● Problem to work on: Print only the lines below from the one with "Hier wird einen" to the one with "Brown Ribbed Button Up Jacket", both included, exactly as they stand. Leave pictures out.

● Given records:
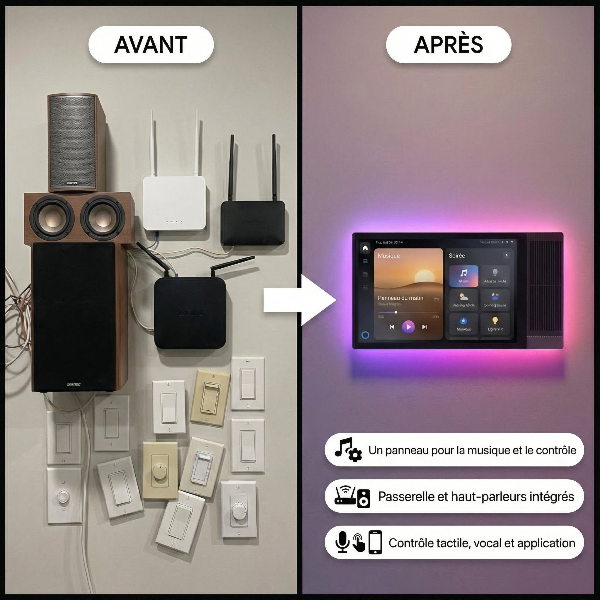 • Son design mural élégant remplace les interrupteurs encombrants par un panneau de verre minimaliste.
* * *
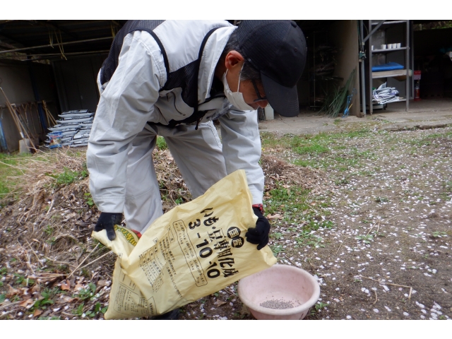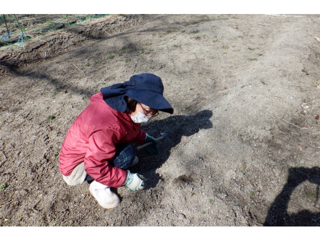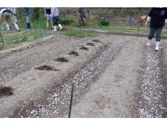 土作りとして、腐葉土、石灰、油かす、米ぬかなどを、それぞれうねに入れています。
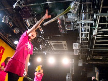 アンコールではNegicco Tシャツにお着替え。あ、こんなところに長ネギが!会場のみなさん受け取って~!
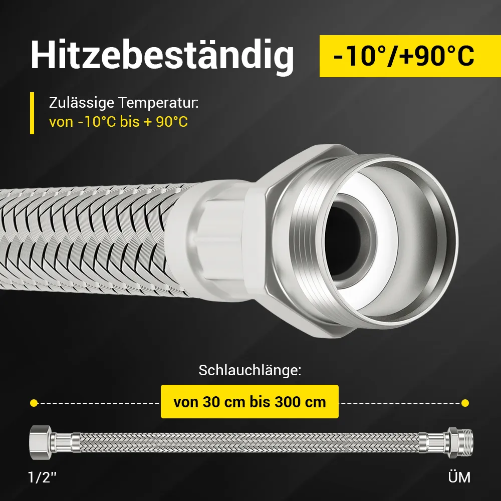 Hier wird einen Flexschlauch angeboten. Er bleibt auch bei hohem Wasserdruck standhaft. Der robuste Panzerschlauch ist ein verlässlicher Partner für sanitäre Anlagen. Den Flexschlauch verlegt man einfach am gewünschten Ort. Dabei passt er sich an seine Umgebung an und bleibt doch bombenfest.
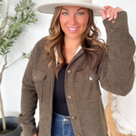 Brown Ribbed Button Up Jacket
--
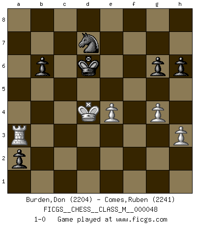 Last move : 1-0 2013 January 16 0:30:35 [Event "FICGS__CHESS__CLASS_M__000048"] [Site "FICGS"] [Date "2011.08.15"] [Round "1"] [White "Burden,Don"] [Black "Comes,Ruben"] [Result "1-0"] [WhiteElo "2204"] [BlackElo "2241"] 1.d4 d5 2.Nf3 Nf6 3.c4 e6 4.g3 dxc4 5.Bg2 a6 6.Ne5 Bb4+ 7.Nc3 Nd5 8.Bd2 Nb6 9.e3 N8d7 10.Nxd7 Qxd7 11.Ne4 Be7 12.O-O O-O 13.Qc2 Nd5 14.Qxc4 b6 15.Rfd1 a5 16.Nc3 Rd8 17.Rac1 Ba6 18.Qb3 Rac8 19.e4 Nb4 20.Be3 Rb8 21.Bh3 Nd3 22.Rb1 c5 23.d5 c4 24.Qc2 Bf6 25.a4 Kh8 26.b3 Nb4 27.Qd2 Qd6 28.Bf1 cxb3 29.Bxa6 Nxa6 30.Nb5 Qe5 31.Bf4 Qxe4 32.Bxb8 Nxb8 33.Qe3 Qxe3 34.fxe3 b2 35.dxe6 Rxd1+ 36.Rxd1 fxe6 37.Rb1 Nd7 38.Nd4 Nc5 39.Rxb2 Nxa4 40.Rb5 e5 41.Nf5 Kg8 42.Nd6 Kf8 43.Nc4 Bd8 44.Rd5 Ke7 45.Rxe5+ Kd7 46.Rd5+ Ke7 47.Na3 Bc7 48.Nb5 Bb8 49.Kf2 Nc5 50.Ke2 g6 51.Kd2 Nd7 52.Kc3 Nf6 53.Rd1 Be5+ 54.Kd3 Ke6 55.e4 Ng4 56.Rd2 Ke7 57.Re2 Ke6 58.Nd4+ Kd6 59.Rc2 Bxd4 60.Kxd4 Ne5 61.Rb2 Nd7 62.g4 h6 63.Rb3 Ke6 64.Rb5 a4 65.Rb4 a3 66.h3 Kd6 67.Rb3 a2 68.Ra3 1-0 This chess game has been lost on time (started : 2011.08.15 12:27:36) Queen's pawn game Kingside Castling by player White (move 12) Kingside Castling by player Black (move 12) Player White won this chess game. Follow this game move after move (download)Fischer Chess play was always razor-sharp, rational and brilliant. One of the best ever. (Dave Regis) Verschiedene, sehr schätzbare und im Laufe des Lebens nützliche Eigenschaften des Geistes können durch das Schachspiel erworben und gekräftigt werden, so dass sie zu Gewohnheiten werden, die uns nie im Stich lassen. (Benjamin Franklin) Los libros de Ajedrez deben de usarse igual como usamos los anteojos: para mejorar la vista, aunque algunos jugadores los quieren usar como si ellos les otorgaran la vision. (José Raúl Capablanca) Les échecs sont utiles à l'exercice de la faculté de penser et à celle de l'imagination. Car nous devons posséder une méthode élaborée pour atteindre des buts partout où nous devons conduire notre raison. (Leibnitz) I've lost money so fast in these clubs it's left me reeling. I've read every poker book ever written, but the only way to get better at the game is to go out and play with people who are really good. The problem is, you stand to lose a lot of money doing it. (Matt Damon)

● Result:
 Hier wird einen Flexschlauch angeboten. Er bleibt auch bei hohem Wasserdruck standhaft. Der robuste Panzerschlauch ist ein verlässlicher Partner für sanitäre Anlagen. Den Flexschlauch verlegt man einfach am gewünschten Ort. Dabei passt er sich an seine Umgebung an und bleibt doch bombenfest.
 Brown Ribbed Button Up Jacket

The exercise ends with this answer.